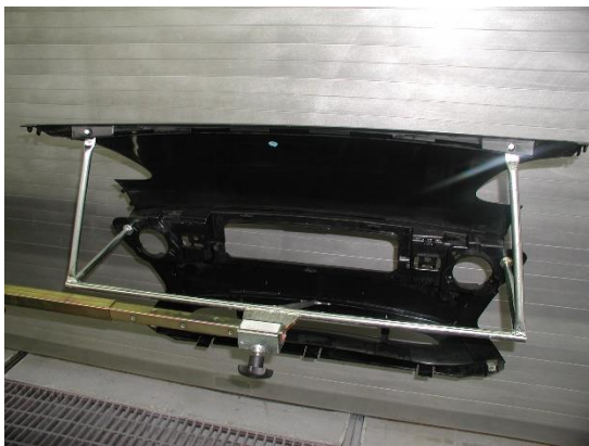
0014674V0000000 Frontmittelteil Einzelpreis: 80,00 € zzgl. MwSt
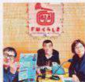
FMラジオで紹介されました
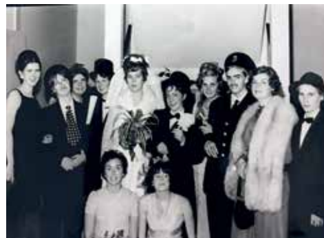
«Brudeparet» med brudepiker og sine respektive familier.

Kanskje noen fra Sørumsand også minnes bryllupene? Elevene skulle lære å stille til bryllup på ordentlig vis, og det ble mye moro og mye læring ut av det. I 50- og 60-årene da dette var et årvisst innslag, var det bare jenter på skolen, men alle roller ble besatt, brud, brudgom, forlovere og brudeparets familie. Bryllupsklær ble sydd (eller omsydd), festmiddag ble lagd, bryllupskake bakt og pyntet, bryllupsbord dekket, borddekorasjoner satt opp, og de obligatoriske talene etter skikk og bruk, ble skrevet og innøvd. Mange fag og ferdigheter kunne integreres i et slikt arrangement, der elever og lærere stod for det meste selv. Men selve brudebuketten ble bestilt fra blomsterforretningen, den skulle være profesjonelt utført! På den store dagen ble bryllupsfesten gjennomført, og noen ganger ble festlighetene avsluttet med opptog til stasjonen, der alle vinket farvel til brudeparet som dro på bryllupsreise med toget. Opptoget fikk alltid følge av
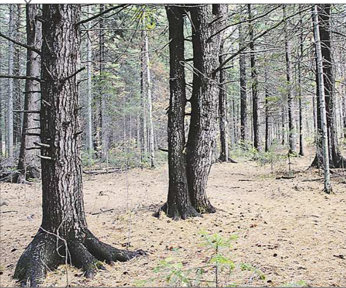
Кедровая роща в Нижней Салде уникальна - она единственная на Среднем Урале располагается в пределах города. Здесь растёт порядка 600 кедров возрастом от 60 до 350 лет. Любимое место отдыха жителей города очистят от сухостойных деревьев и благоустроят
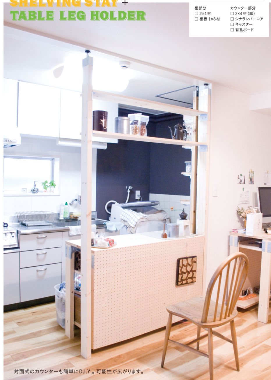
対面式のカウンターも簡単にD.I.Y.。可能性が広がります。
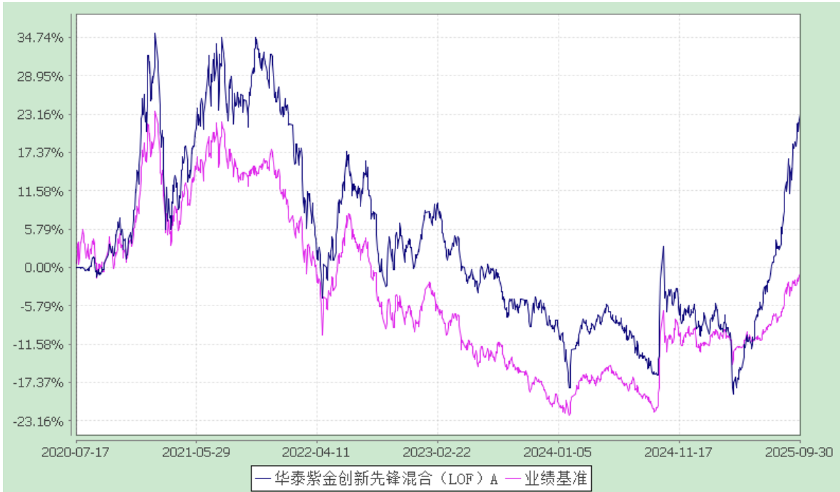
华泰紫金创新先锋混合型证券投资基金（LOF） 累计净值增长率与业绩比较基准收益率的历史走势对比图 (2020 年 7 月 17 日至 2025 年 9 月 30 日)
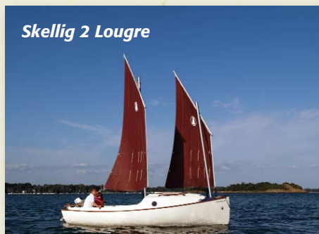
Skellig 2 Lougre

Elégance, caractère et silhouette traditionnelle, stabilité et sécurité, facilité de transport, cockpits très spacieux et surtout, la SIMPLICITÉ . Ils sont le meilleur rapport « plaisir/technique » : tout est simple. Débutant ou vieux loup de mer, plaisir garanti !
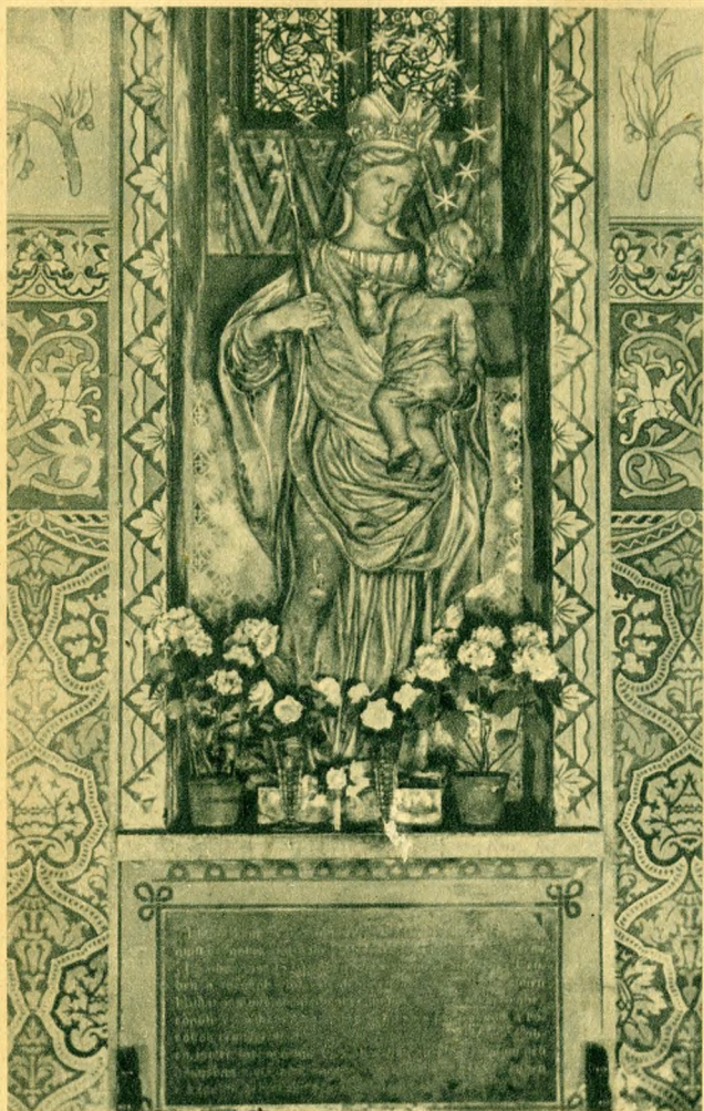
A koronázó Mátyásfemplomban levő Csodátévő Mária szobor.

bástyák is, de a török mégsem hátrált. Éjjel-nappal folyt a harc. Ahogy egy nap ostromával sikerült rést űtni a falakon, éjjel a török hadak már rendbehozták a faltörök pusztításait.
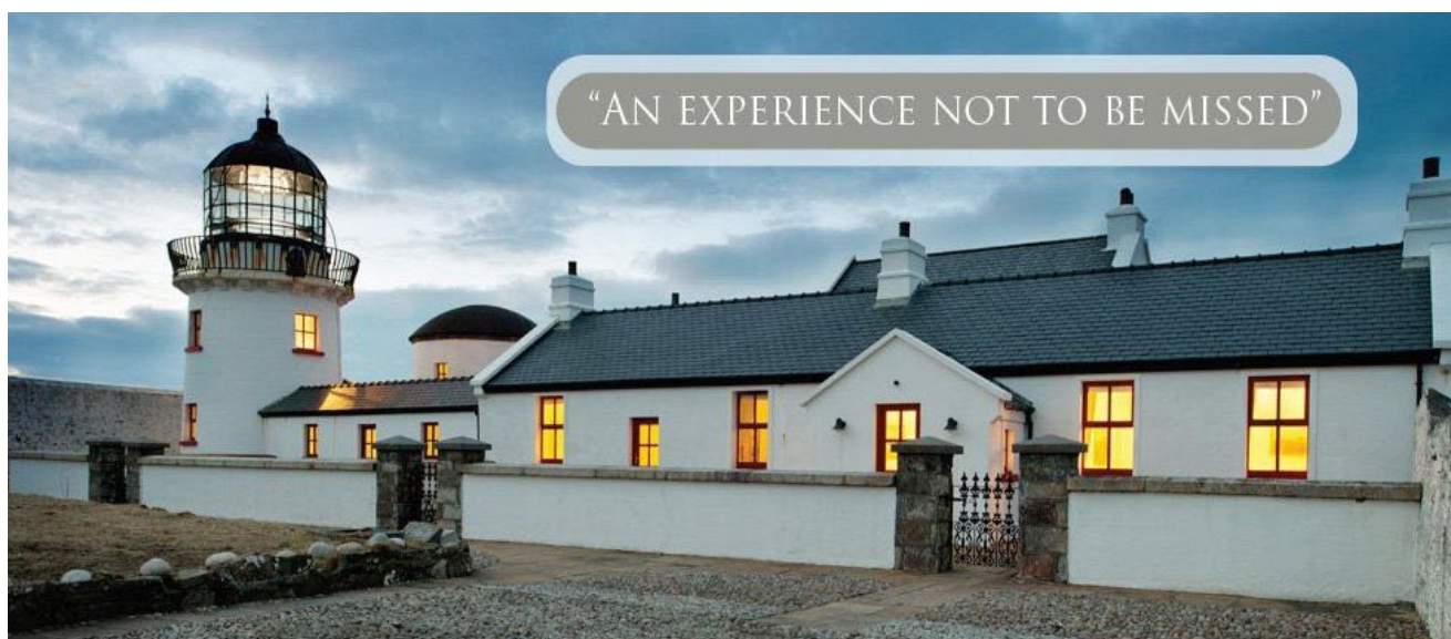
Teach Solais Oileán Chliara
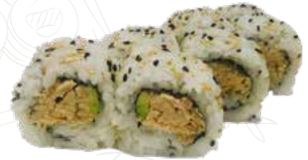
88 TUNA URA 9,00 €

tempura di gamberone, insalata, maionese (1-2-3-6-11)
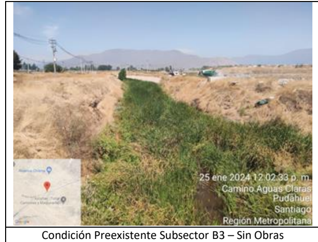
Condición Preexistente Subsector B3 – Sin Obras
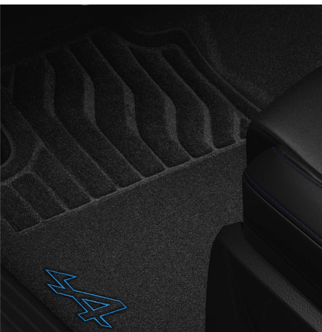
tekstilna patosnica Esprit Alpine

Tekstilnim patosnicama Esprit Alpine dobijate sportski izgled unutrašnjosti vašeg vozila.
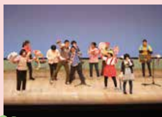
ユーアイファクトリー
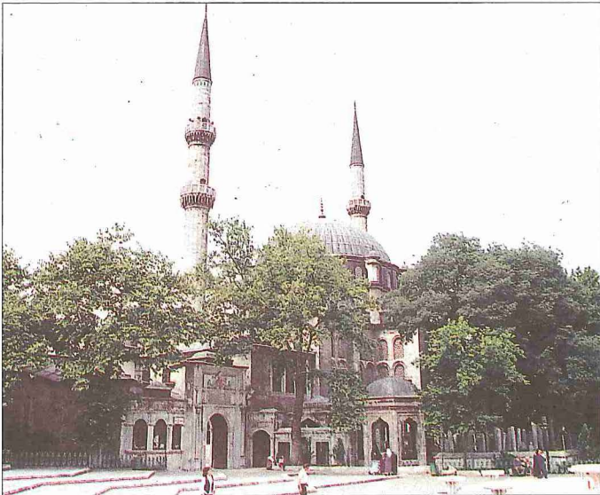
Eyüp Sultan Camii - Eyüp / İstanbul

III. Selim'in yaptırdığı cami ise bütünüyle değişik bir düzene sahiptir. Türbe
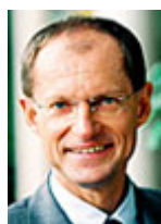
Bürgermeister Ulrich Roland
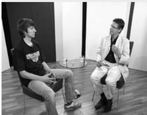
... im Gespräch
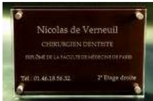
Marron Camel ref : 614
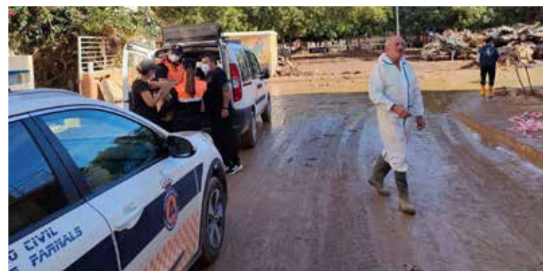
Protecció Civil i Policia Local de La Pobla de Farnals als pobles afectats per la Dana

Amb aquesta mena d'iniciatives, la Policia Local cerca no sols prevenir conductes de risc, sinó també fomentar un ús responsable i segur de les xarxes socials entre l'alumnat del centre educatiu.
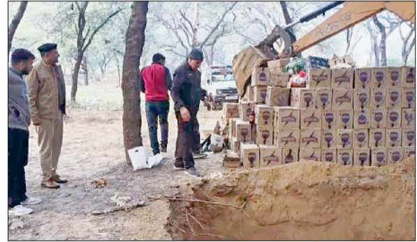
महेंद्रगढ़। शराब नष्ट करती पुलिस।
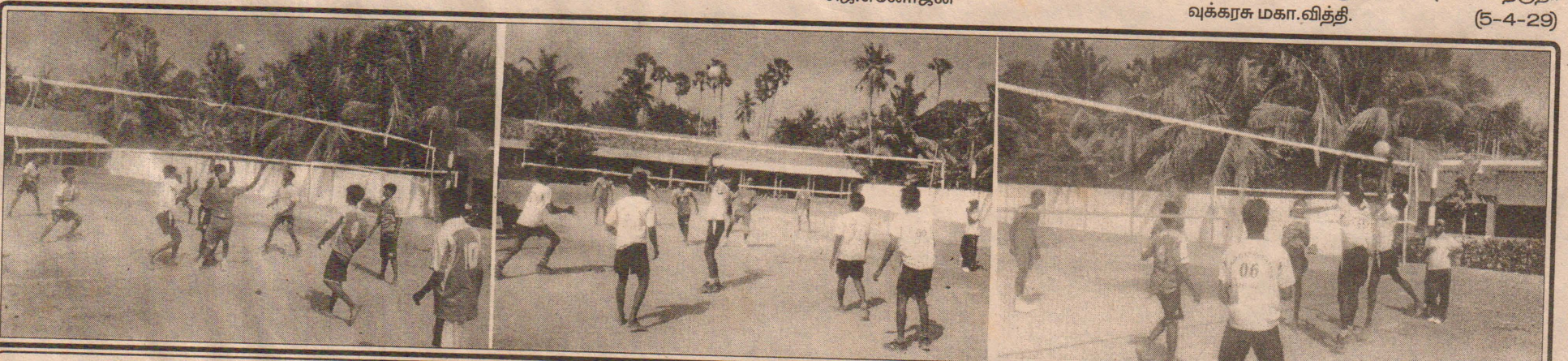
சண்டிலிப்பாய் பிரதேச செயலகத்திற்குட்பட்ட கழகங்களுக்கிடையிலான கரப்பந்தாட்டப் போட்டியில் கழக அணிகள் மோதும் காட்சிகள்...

——

*TASK*:
For the word "Local", find all matching lines in the entries above and copy them out.

*EXERCISE ANSWER*:
Protecció Civil i Policia Local de La Pobla de Farnals als pobles afectats per la Dana
Amb aquesta mena d'iniciatives, la Policia Local cerca no sols prevenir conductes de risc, sinó també fomentar un ús responsable i segur de les xarxes socials entre l'alumnat del centre educatiu.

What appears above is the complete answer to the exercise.